### Work task:
Nothing but an exact repeat of the data, with pictures removed, belongs in the answer.

### Given material:
++++++++

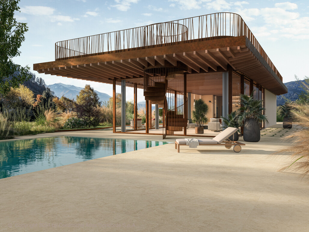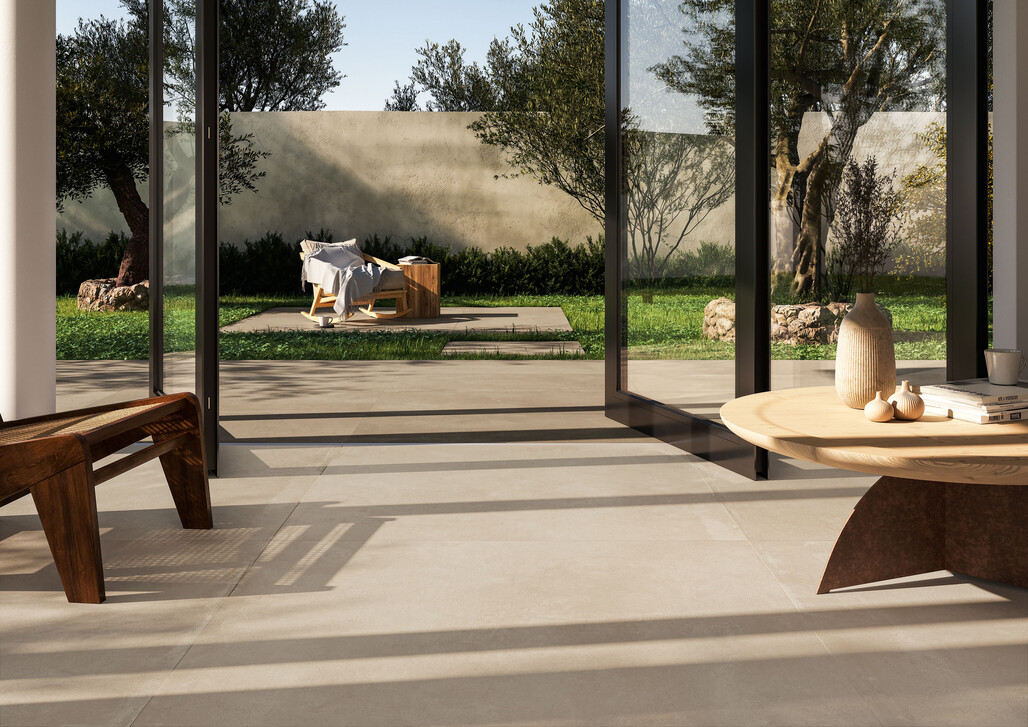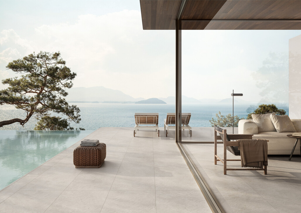Ein großer Trend in modernen Wohnlandschaften sind fließende Übergänge zwischen Innen- und Außenbereich. Terrassenplatten aus Feinsteinzeug bieten hierfür ideale Voraussetzungen. Denn Feinsteinzeug ist das einzige Material, dass sich gleichermaßen für innen und außen eignet.
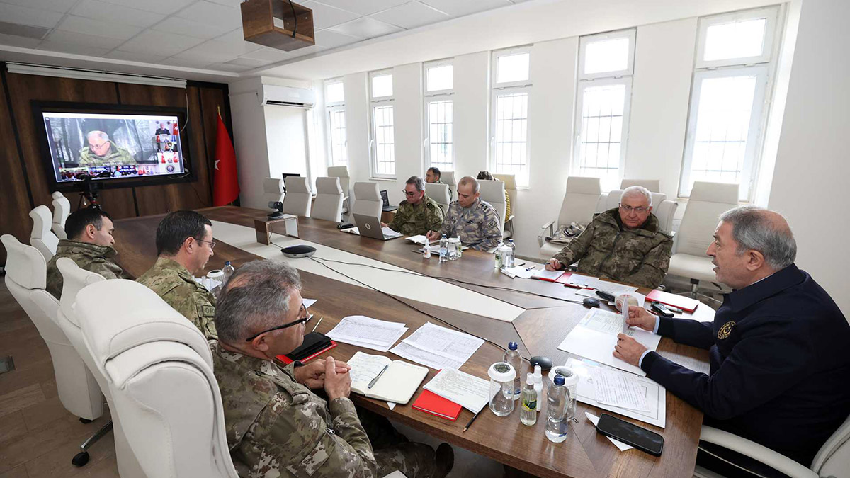 Milli Savunma Bakanı Hulusi Akar, Hatay’ın Serinyol ilçesindeki 8’inci Komando Tugay Komutanlığı’nda Genelkurmay Başkanı Orgeneral Yaşar Güler, kuvvet komutanları, Bakan Yardımcısı Yunus Emre Karaosmanoğlu ve deprem bölgesindeki birlik komutanları ile video konferans toplantısı gerçekleştirdi. Bakan Akar, Türkiye’nin ‘asrın felaketi’ ile karşı karşıya olduğunu belirterek Türk milletine baş sağlığı, hayatını kaybedenlere rahmet, yaralılara şifa dileklerini iletti. Akar, MSB ve TSK’nın depremin hemen ardından harekete geçtiğini kaydederek, “TSK olarak ilk andan itibaren bu acıyı hafifletmek ve vatandaşımıza yardım etmek için her türlü çabayı gösteriyoruz. Mehmetçik, terörle mücadele ve hudut güvenliğinde olduğu gibi ilk andan itibaren depremle mücadelede de yapılması gereken ne varsa yaptı ve yapmaya devam ediyor” diye konuştu.
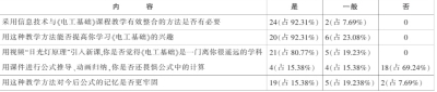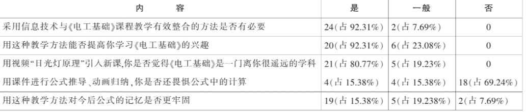 笔者在试验班对学生进行了问卷调查,对在“RL串联正弦交流电路”课程实践用“信息技术与《电工基础》课程教学有效整合”的情况做了调查统计,发出调查表30份,收回26份,采用无记名的方式。调查的内容和具体项目及统计结果如下表。

++++++++

### Result:
Ein großer Trend in modernen Wohnlandschaften sind fließende Übergänge zwischen Innen- und Außenbereich. Terrassenplatten aus Feinsteinzeug bieten hierfür ideale Voraussetzungen. Denn Feinsteinzeug ist das einzige Material, dass sich gleichermaßen für innen und außen eignet.
 Milli Savunma Bakanı Hulusi Akar, Hatay’ın Serinyol ilçesindeki 8’inci Komando Tugay Komutanlığı’nda Genelkurmay Başkanı Orgeneral Yaşar Güler, kuvvet komutanları, Bakan Yardımcısı Yunus Emre Karaosmanoğlu ve deprem bölgesindeki birlik komutanları ile video konferans toplantısı gerçekleştirdi. Bakan Akar, Türkiye’nin ‘asrın felaketi’ ile karşı karşıya olduğunu belirterek Türk milletine baş sağlığı, hayatını kaybedenlere rahmet, yaralılara şifa dileklerini iletti. Akar, MSB ve TSK’nın depremin hemen ardından harekete geçtiğini kaydederek, “TSK olarak ilk andan itibaren bu acıyı hafifletmek ve vatandaşımıza yardım etmek için her türlü çabayı gösteriyoruz. Mehmetçik, terörle mücadele ve hudut güvenliğinde olduğu gibi ilk andan itibaren depremle mücadelede de yapılması gereken ne varsa yaptı ve yapmaya devam ediyor” diye konuştu.
 笔者在试验班对学生进行了问卷调查,对在“RL串联正弦交流电路”课程实践用“信息技术与《电工基础》课程教学有效整合”的情况做了调查统计,发出调查表30份,收回26份,采用无记名的方式。调查的内容和具体项目及统计结果如下表。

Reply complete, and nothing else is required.